First, what doesn’t change. A mature open-platform metric system is already comprehensive, and it still holds in the AI era:

  • North star: share of business value generated through the platform (platform GMV / revenue ÷ total business value) — it answers “why does the open platform exist.”
  • Developer lifecycle: signup → activation (first successful call, à la Stripe’s Time to First Call) → retention → upgrade conversion → top-developer concentration. A declining retention curve, or top developers contributing >80%, are early signs of ecosystem decay.
  • API & stability: call success rate, P50 / P99, 4xx (developer side) vs 5xx (platform side) distribution, rate-limit trigger rate, MTTR, SLA attainment.
  • Developer experience: NPS, doc readability, ticket response, community activity.

None of this goes stale because AI arrived — it measures “ecosystem health,” independent of whether the caller is a human or an Agent.

What the AI era genuinely adds is two things.

First, an “AI-friendliness” dimension. It sits parallel to the experience metrics but measures how smoothly machines consume the platform: structured-doc coverage (share of endpoints fully covered by an OpenAPI spec), MCP exposure rate, skill-file completeness, machine-parseable error-code rate (does the structure carry error_code / error_type — an Agent’s auto-retry / fallback depends entirely on it). And one sharp proxy: the gap between Agent call success rate and human call success rate. When permissions, environment, and task inputs are roughly the same, the larger that gap is, the more it suggests your interface still relies on semantics only a human can supply.

Second, and more importantly: the headline metric itself is moving. The traditional headline asks “can a human get it working.” The AI era asks —

Hand an Agent a URL: can it build the integration end-to-end, without a human?

I call this new headline TSR (Task Success Rate). It’s not the old “call success rate” renamed; each of its three design decisions was beaten out by real runs.
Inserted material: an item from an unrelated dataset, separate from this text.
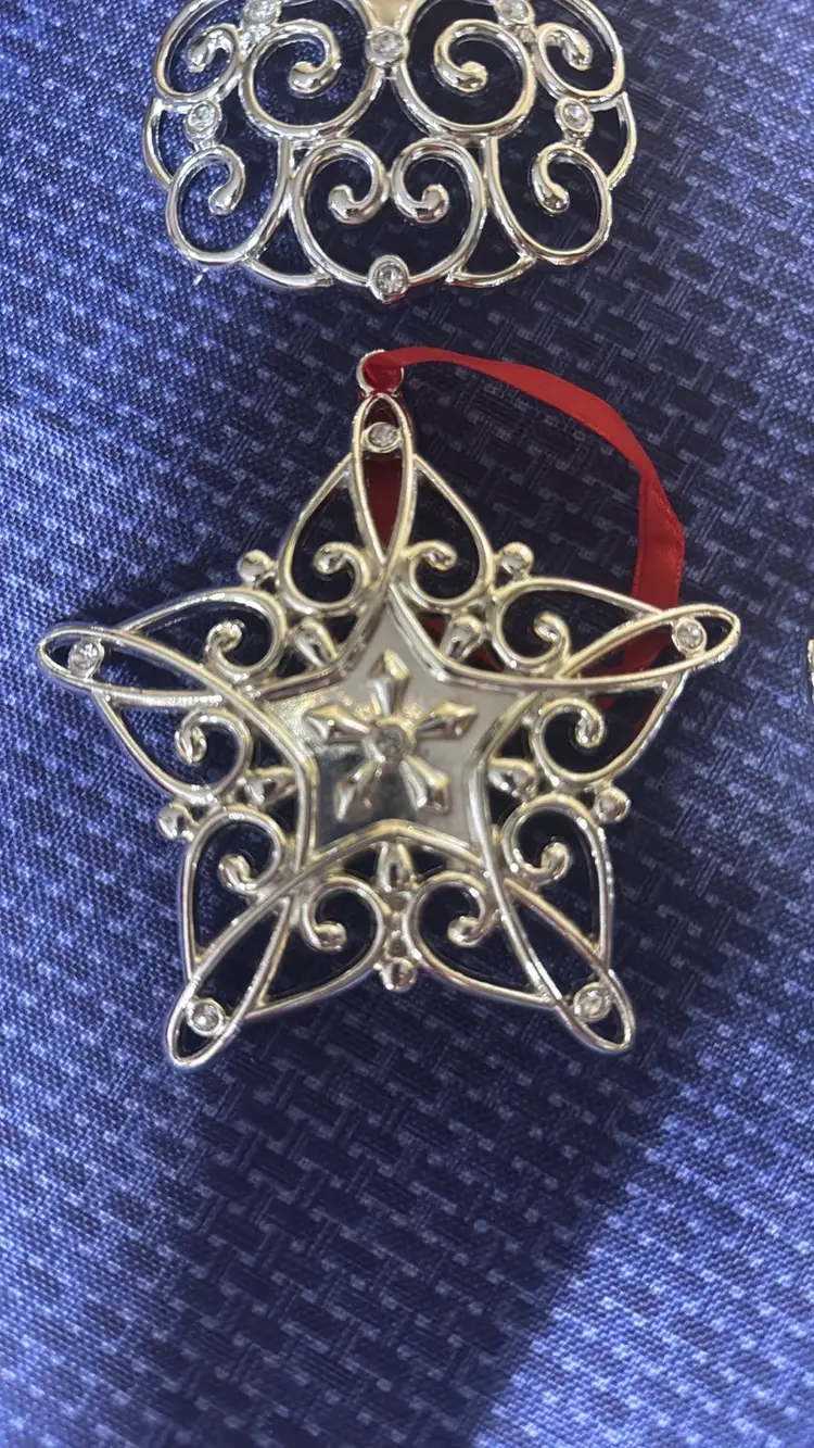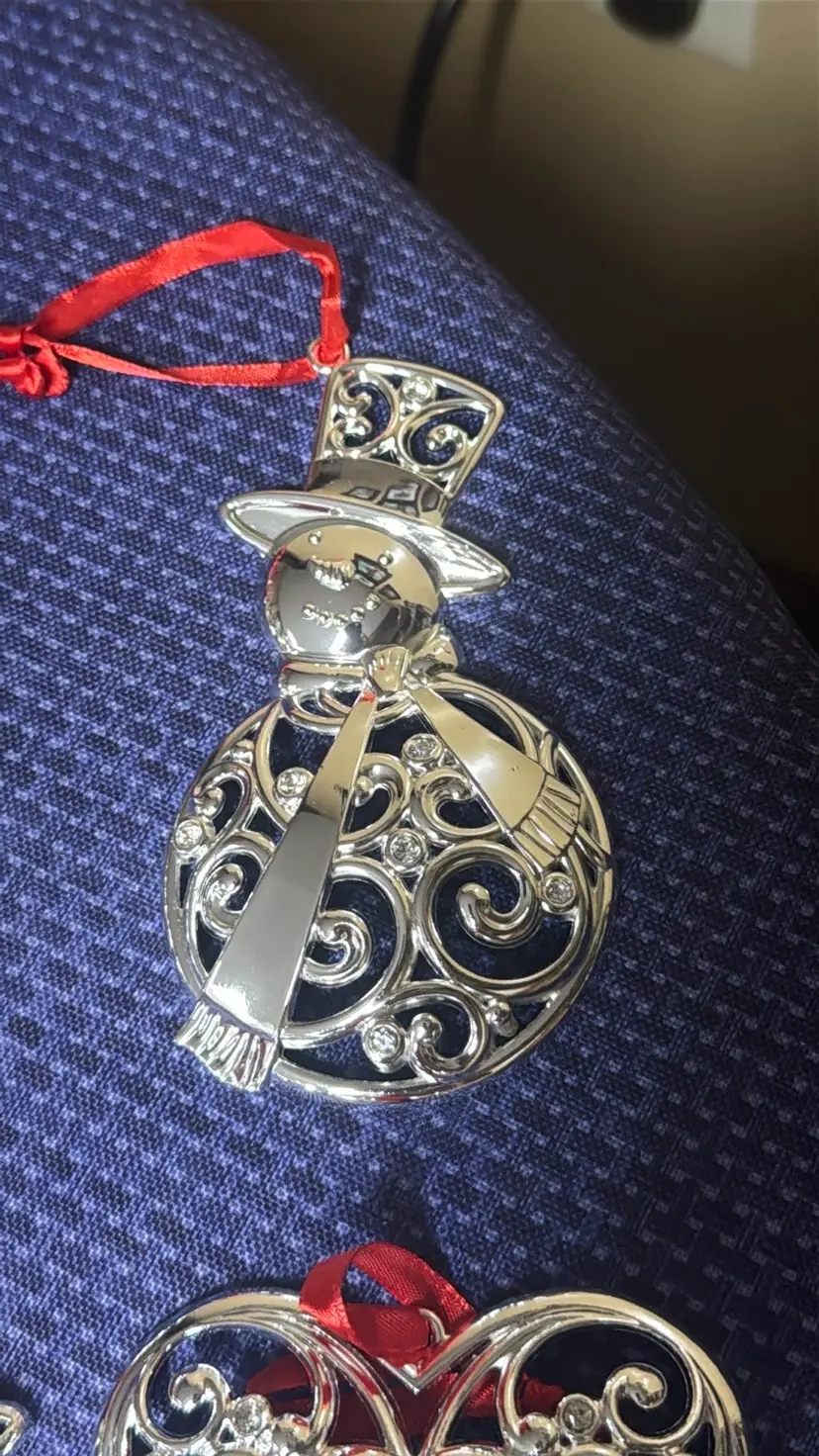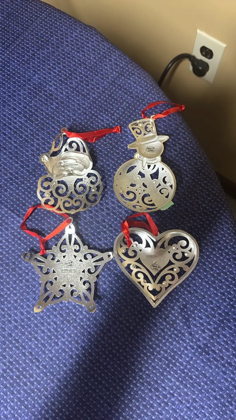 4 LENOX Sparkle & Scroll Clear Approximately 3.25” to 5” tall Crystal Ornaments in Original Boxes Silverplate Enhance your holiday decor with this elegant silver ornament set. Featuring intricate designs and vibrant red accents, these ornaments add a festive touch to any setting. All are new in original boxes (2) (9749425mb3)

1) The unit of measurement has to be the end-to-end scenario, not the atomic endpoint. I paid tuition here: the first time, I scored “can a single endpoint be called given only the docs” — and in that doc-only atomic-endpoint test, POP’s signing and core write endpoints were all 100%. It looked great and gave almost no signal. Because the real difficulty isn’t in any single endpoint: it’s which of 100+ APIs to pick, whether a field like skuId flows correctly across three or four endpoints, whether price is in cents or dollars. Those only surface across an end-to-end chain. A single endpoint working proves the atomic endpoint is callable; it does not prove an Agent can complete a real integration task.

2) Beyond success rate, add a second orthogonal axis: token cost (tokens-to-success). Easiest to overlook, yet it’s the only visible measure of certain improvements. A real example: POP’s docs site (open.poizon.com) is a JS-rendered SPA, so an Agent that only does HTTP GET pulls back an empty shell, can’t read the parameter tables, and degrades to “screenshot + OCR” — same task, 10× the tokens. Turning the docs into fetchable plain-text endpoints barely moves the success rate but cuts tokens by an order of magnitude. If you only watch success rate, that improvement is invisible on your dashboard.

3) Don’t score 0/1 — use an autonomy ladder. I grade recovery: fully autonomous / one nudge is enough / it needs code fed in / useless even then. The headline TSR counts only the “fully autonomous” tier, but the histogram across the whole ladder is the real diagnostic profile — it distinguishes “one hint short” from “no help works.” Where it stalls maps to which layer is broken and what to fix — scoring is itself diagnosis.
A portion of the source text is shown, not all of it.